Huatai Securities indicated that looking ahead, it maintains the previous view that the Fed will slow its rate cut pace in 2025, with Trump's policies likely being the main factors affecting the Fed's rate cut path. The U.S. economy remains resilient after the Fed election, with the Atlanta Fed's GDP Now indicating a growth rate of around 3% in the fourth quarter. A more hawkish signal in December, coupled with Powell's indication of a slowdown in rate cuts, suggests that the January meeting will likely pause rate cuts to observe the effects of Trump's policies and their potential impacts. Under the baseline scenario, Trump's tariffs and other policies may push inflation higher in the second half of 2025, constraining the Fed's rate cut pace. We expect the Fed to cut rates twice in the first half of 2025 and stop cutting in the second half. Given the recent resilience in U.S. growth momentum, if Trump's policies lead to earlier or larger inflation rebounds, the possibility of fewer than two rate cuts in 2025 cannot be ruled out.
7. CITIC Securities: The average gold price next year may remain around $2800.
CITIC Securities' research report states that in 2025, the performance of gold should focus on fiscal and inflation performance from a macro perspective, while trading should focus on central bank gold purchases and geopolitical conflicts. From a medium to long-term narrative perspective, we believe that the 'stable fiscal' style in the U.S. in 2025 may not necessarily drive gold prices further upward, and attention should still be paid to the scale of fiscal expansion. Throughout the year, the gold market has not yet ended and is expected to show high-level fluctuations, with the annual midpoint still around $2800/ounce. In the second quarter of 2025, due to the strong dollar, gold prices may face pressure, while in the second half, attention should focus on the mismatch between U.S. inflation and growth rhythm driving gold prices. In the medium to long term, spurred by the narrative of U.S. debt and the trend of 'de-dollarization,' there remain significant allocation opportunities for gold.

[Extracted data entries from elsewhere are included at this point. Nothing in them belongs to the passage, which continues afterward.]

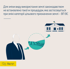 Велика Палата ВС відступила від висновку про те, що зміна виду використання землі в межах її цільового призначення повинна проводитися в порядку, встановленому для зміни цільового призначення такої землі, викладеного у постановах Верховного Суду України, постанові Великої Палати ВС та низці постанов КЦС ВС
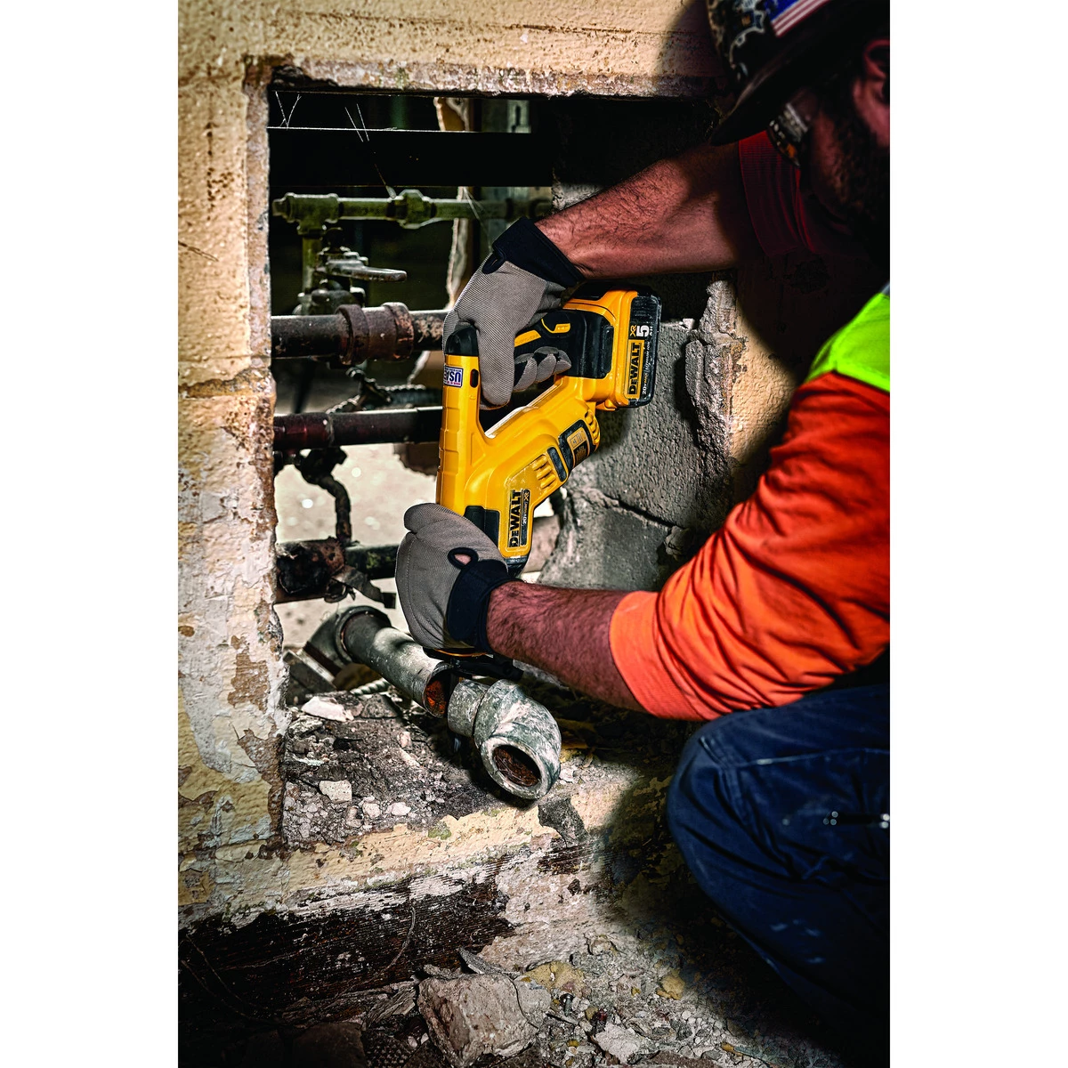 The DCS367P1 20V MAX XR compact reciprocating saw has a compact and lightweight design for making cuts in confined spaces like in between studs. The brushless motor helps to provide long run time to get the job done. With a 1-1/8 In. stroke length and a variable speed trigger delivering up to 2,900 strokes per minute, this saw is fast and efficient. It also features a keyless, lever-action 4-position blade clamp for quick and easy blade changes in four directions for a variety of applications including flush cutting. A bright LED light is included to illuminate dark work areas.
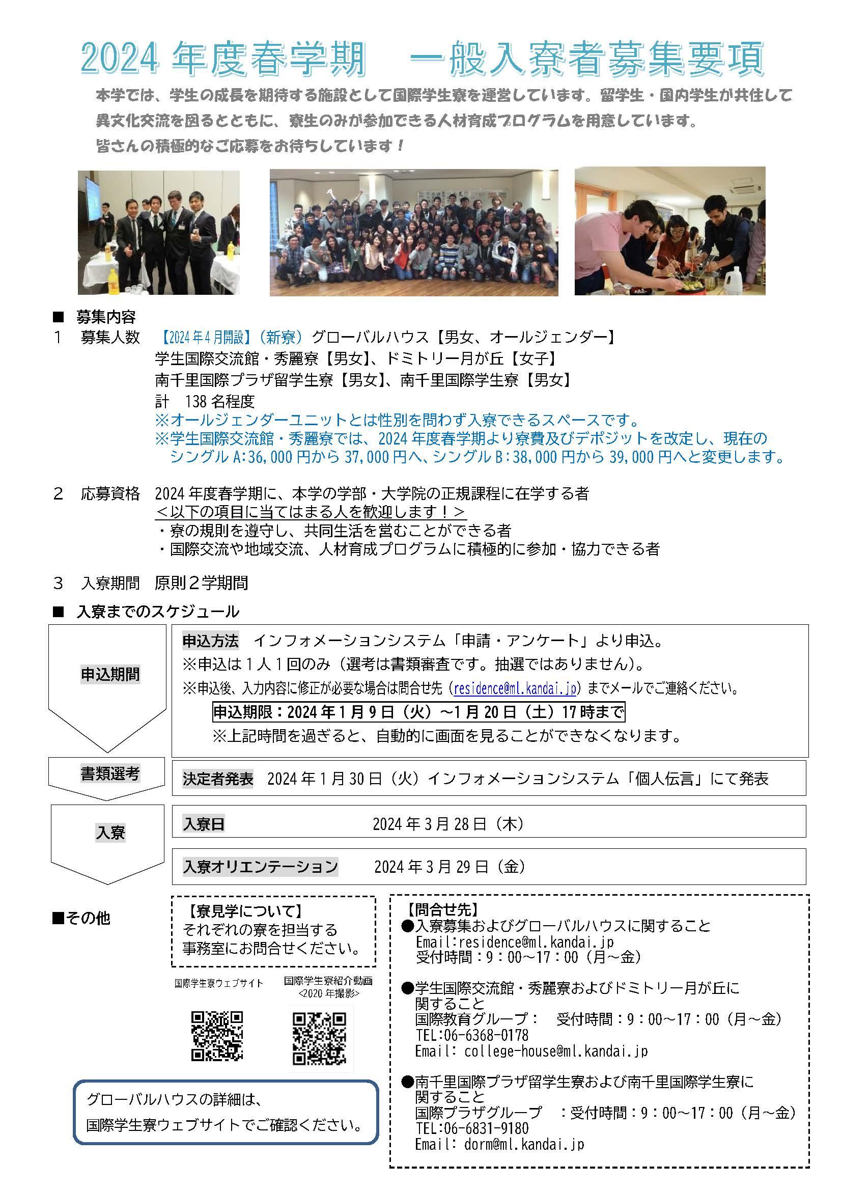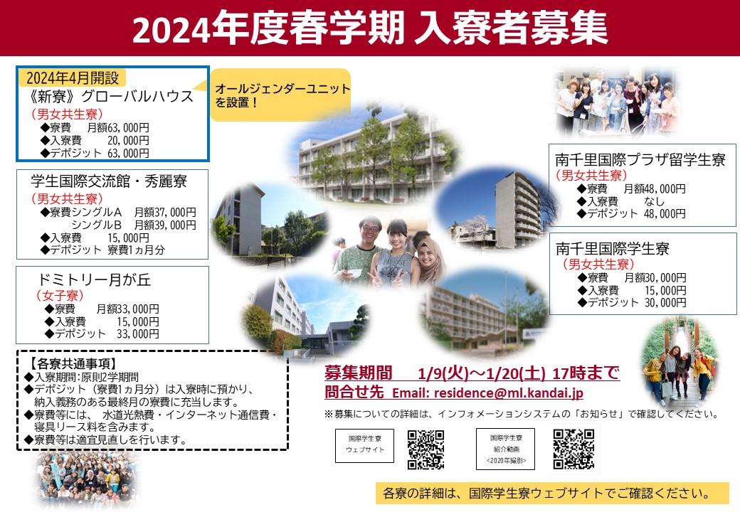 2023/12/05 2024年度春学期 国際学生寮 一般入寮者募集(在学生対象)について
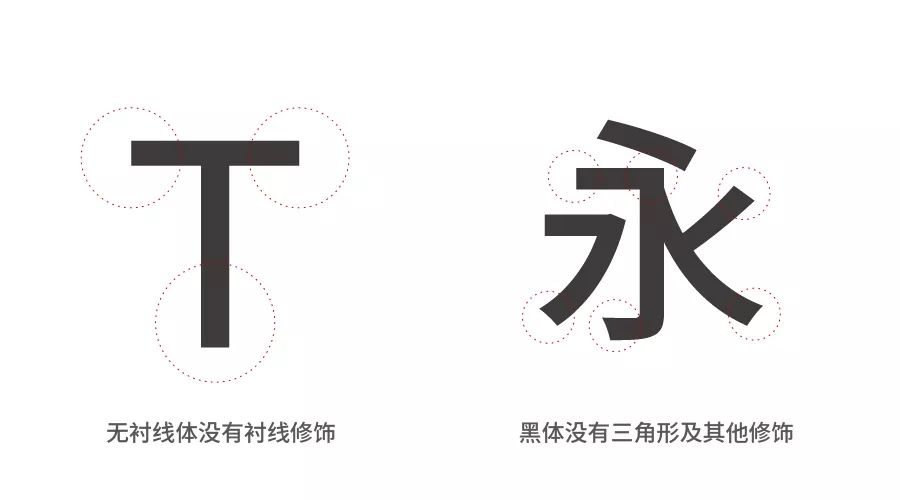 无衬线体,即没有衬线修饰的字体。黑体也是没有三角形装饰特征的字体。相较于衬线体与宋体而言,其更为简约、现代,能够表达理性、利落的特质。
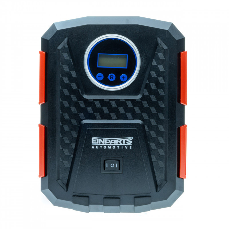 12V 10 Bar 150 PSI automobilový kompresor je známy ako EINPARTS AUTOMOTIVE a má moderné prostredie, ktoré možno rýchlo použiť pre automobilovú pneumatiku, bicykle, športové autá a mnohé ďalšie zariadenia. Napájaný zo zásuvky v automobile. Tu je návod, ako používať elektronický manometer a LCD obrazovku.
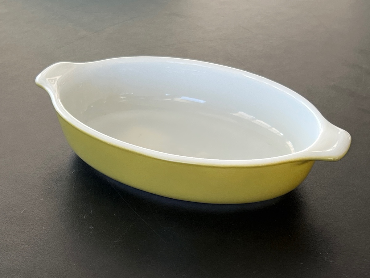 Oval Baking Dish w Two Small Handles White Interior

8. Galaxy Securities: Clear targets for wind, solar, and nuclear installations, long-term optimism for hydropower and nuclear sectors.
Galaxy Securities' research report points out that the national energy work conference in 2025 proposes to accelerate the planning and construction of a new energy system, and clarifies the new installation targets for wind, solar, and nuclear power generation in 2025. In the short term, we are optimistic about the improvement in power generation, the policy catalysis, the continuous improvement in performance, and the valuation uplift potential of the thermal power sector; in the long term, we are optimistic about the hydropower and nuclear power sectors with high performance certainty and strong dividend capacity. Although there is still downward pressure on electricity prices in the short term for the new energy sector, policies related to green power consumption and electricity prices are expected to continue to be introduced, suggesting to capture turning point opportunities.